England

Chester divers attempt to save Resurgam II submarine

  • 6 August 2012
  • From the section England
Diver alongside the wreck of the Resurgam II
Mr Holden said the wreck was so narrow, a diver "would have to be a slim person without an aqualung" to fit inside

A group of Cheshire divers have taken part in a conservation project to save the wreck of the "world's first powered working submarine", the Resurgam II.

The submarine, which was designed by a Manchester clergyman in 1879, sank in the Irish Sea off the coast of Wales.

Divers from the British Sub-Aqua Club (BSAC) in Chester have placed metal corrosion inhibitors on the wreck.

Club member Chris Holden said the submarine was in "remarkable condition" after being underwater for 132 years.

The Chester divers were assisted in the dive by members from the BSAC's Flintshire branch.

A BSAC spokesman said the 30 ton (27 tonne) Resurgam II was "hailed by many as the world's first full-sized, powered working submarine", though admitted there were disputes over whether it could have worked.

'Loads of silt'

Mr Holden said it was a fascinating wreck which divers can "see right down into".

However, he said it would be "almost impossible to go inside [as] it is so narrow, it would have to be a slim person and without an aqualung".

"In any case, there would be no point because it would probably wreck what was inside.
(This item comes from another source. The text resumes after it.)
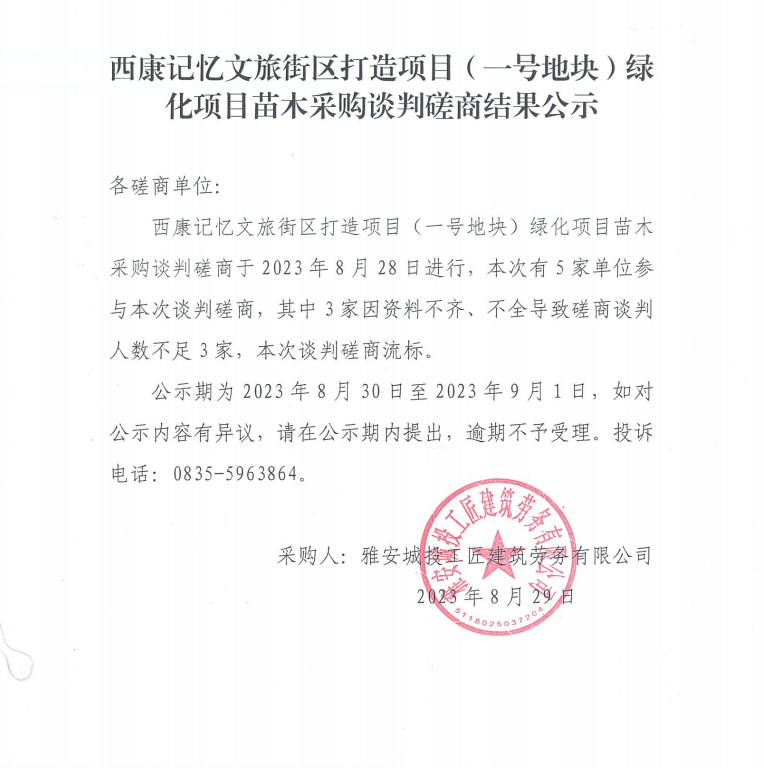 西康記憶文旅街區(qū)打造項(xiàng)目(一號地塊)綠化項(xiàng)目苗木采購談判磋商結(jié)果公示

There is loads of silt in it and at one time the only resident was a conger eel," he said.

He said the "sacrificial" zinc anodes placed on the wreck would encourage the natural corrosion caused by the water to take the zinc first before the iron, therefore giving some protection to the submarine.

He added that underwater conservation had been undertaken because "raising the Resurgam would not be an insurmountable problem, but preserving it once it was on shore would be a major financial problem".

Snagged nets

A replica of the Resurgam II sits beside the river Mersey at Birkenhead

The 45 ft (13 m) vessel, designed by Manchester's Reverend George William Garrett, was built in Birkenhead in 1879 and cost about £1,500.

It was steam powered and could accommodate three sailors.

After a successful trial off Wallasey, it set off for a demonstration to the Royal Navy in Portsmouth in 1880.

However, after leaving Rhyl following a stop for modifications, it shipped water and sank around five miles off the coast of north Wales.

It was found in 1995 by Chester diver Keith Hurley who was investigating what a fishing trawler had snagged its nets on.

A replica of the submarine can be seen close to the Woodside terminal of the Mersey Ferry in Birkenhead.